Work item → Below are the entries; transcribe them exactly and drop every picture.

Record extracts →
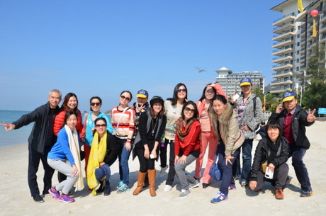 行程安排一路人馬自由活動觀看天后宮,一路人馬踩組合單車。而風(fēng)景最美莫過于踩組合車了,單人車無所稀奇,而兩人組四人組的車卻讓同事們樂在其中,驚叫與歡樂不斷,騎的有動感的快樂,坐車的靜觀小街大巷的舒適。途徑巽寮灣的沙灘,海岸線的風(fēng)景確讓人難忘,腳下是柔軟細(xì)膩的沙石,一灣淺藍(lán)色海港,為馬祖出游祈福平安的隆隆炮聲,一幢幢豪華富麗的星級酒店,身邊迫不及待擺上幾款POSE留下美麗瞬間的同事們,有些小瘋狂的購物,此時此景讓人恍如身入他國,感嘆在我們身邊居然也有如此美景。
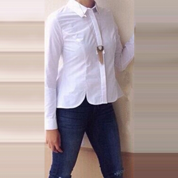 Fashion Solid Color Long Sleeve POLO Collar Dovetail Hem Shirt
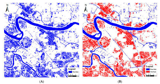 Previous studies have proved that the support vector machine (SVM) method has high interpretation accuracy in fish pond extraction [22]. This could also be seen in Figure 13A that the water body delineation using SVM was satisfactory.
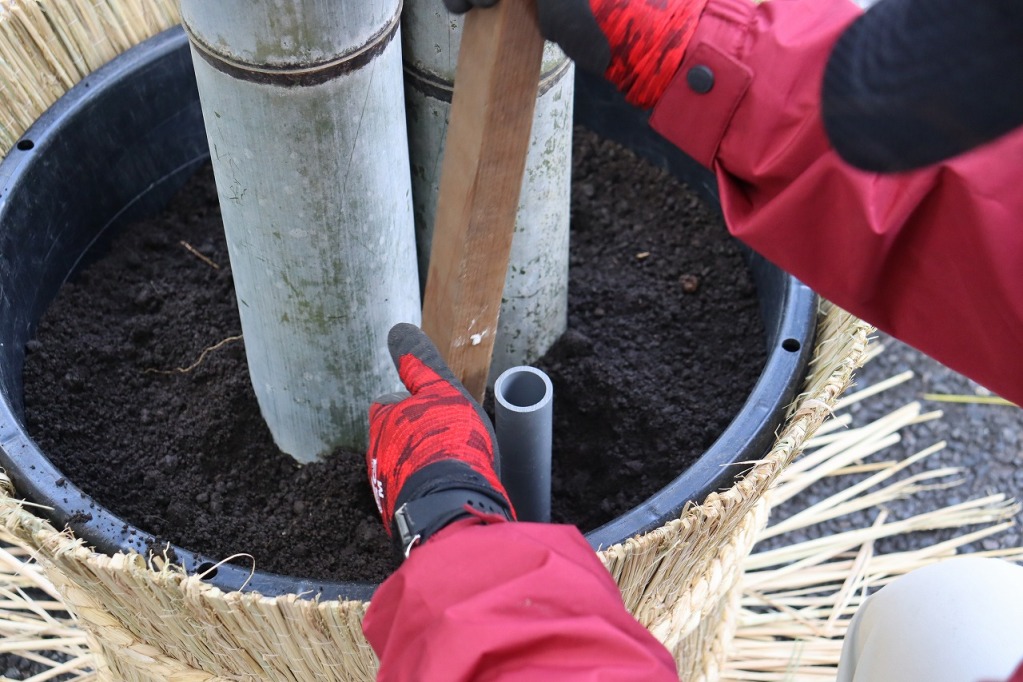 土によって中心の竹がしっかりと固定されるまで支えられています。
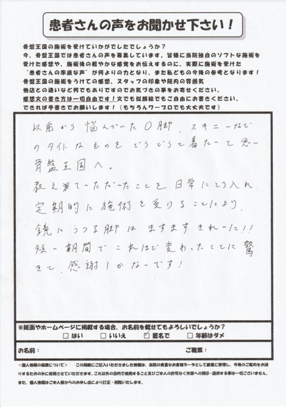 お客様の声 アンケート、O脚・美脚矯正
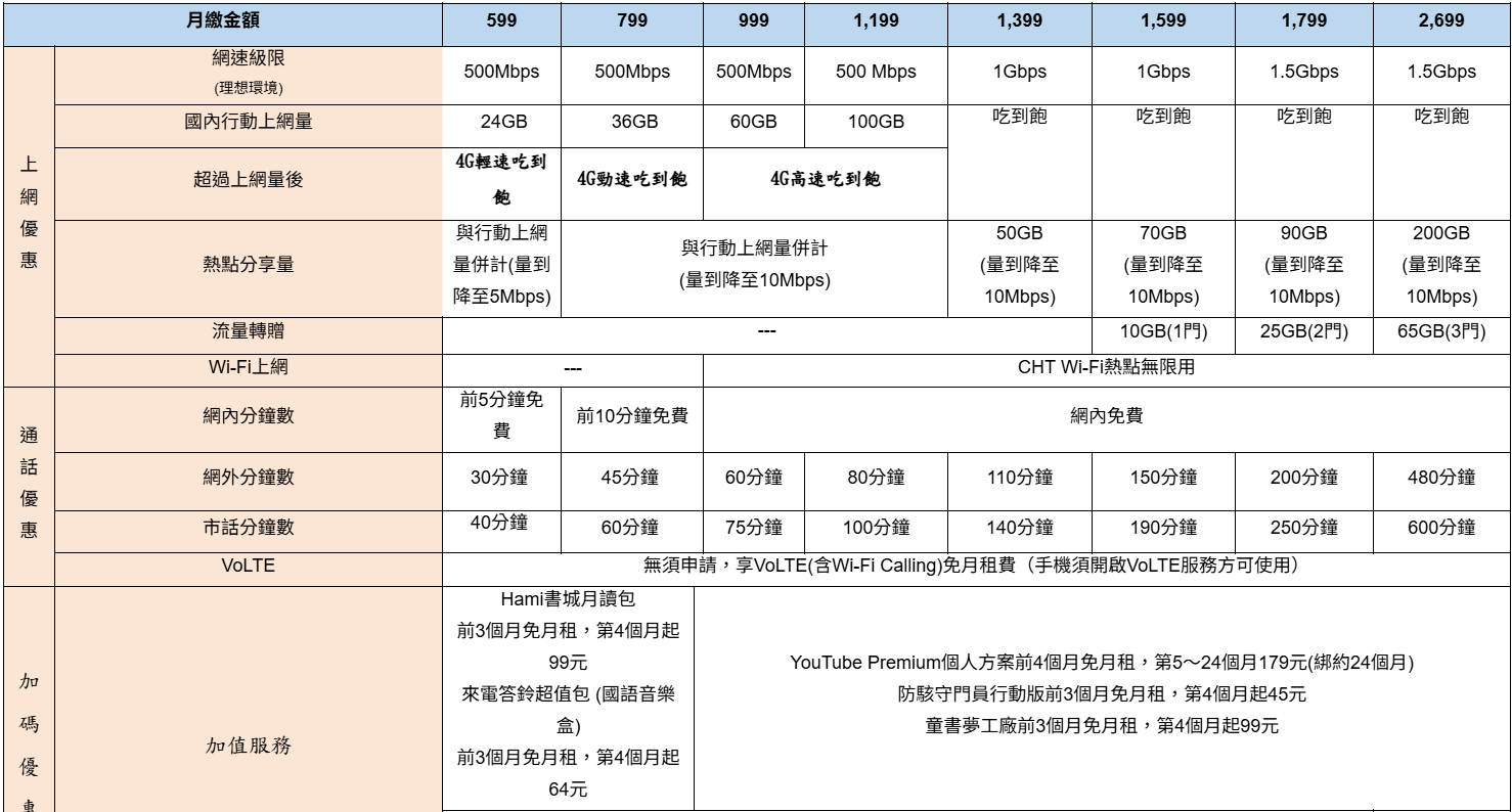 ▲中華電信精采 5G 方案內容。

Completed task →
 行程安排一路人馬自由活動觀看天后宮,一路人馬踩組合單車。而風(fēng)景最美莫過于踩組合車了,單人車無所稀奇,而兩人組四人組的車卻讓同事們樂在其中,驚叫與歡樂不斷,騎的有動感的快樂,坐車的靜觀小街大巷的舒適。途徑巽寮灣的沙灘,海岸線的風(fēng)景確讓人難忘,腳下是柔軟細(xì)膩的沙石,一灣淺藍(lán)色海港,為馬祖出游祈福平安的隆隆炮聲,一幢幢豪華富麗的星級酒店,身邊迫不及待擺上幾款POSE留下美麗瞬間的同事們,有些小瘋狂的購物,此時此景讓人恍如身入他國,感嘆在我們身邊居然也有如此美景。
 Fashion Solid Color Long Sleeve POLO Collar Dovetail Hem Shirt
 Previous studies have proved that the support vector machine (SVM) method has high interpretation accuracy in fish pond extraction [22]. This could also be seen in Figure 13A that the water body delineation using SVM was satisfactory.
 土によって中心の竹がしっかりと固定されるまで支えられています。
 お客様の声 アンケート、O脚・美脚矯正
 ▲中華電信精采 5G 方案內容。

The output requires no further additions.